----- INFORMATION GIVEN -----

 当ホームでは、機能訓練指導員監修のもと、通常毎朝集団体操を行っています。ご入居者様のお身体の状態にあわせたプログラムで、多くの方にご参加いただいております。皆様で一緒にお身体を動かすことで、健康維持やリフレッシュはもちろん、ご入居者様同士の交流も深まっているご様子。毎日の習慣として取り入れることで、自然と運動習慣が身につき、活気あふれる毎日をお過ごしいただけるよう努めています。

-----
----- INFORMATION GIVEN -----

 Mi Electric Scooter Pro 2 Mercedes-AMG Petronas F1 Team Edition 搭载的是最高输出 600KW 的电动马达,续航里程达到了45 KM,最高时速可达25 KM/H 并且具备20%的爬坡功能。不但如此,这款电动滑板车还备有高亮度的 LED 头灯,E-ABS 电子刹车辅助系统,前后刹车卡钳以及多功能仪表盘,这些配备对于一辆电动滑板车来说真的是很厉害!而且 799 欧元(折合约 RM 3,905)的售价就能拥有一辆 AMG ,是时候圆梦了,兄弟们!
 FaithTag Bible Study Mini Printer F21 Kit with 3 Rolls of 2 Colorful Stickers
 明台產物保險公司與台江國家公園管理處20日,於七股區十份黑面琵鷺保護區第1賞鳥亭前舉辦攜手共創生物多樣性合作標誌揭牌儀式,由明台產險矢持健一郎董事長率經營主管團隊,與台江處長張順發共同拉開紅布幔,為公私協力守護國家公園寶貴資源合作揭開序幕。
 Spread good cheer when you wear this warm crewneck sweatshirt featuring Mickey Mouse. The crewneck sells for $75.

-----

Copy out the range of lines above starting at the line with "FaithTag Bible Study" and ending at the line with "Spread good cheer", exactly and including both.

 FaithTag Bible Study Mini Printer F21 Kit with 3 Rolls of 2 Colorful Stickers
 明台產物保險公司與台江國家公園管理處20日,於七股區十份黑面琵鷺保護區第1賞鳥亭前舉辦攜手共創生物多樣性合作標誌揭牌儀式,由明台產險矢持健一郎董事長率經營主管團隊,與台江處長張順發共同拉開紅布幔,為公私協力守護國家公園寶貴資源合作揭開序幕。
 Spread good cheer when you wear this warm crewneck sweatshirt featuring Mickey Mouse. The crewneck sells for $75.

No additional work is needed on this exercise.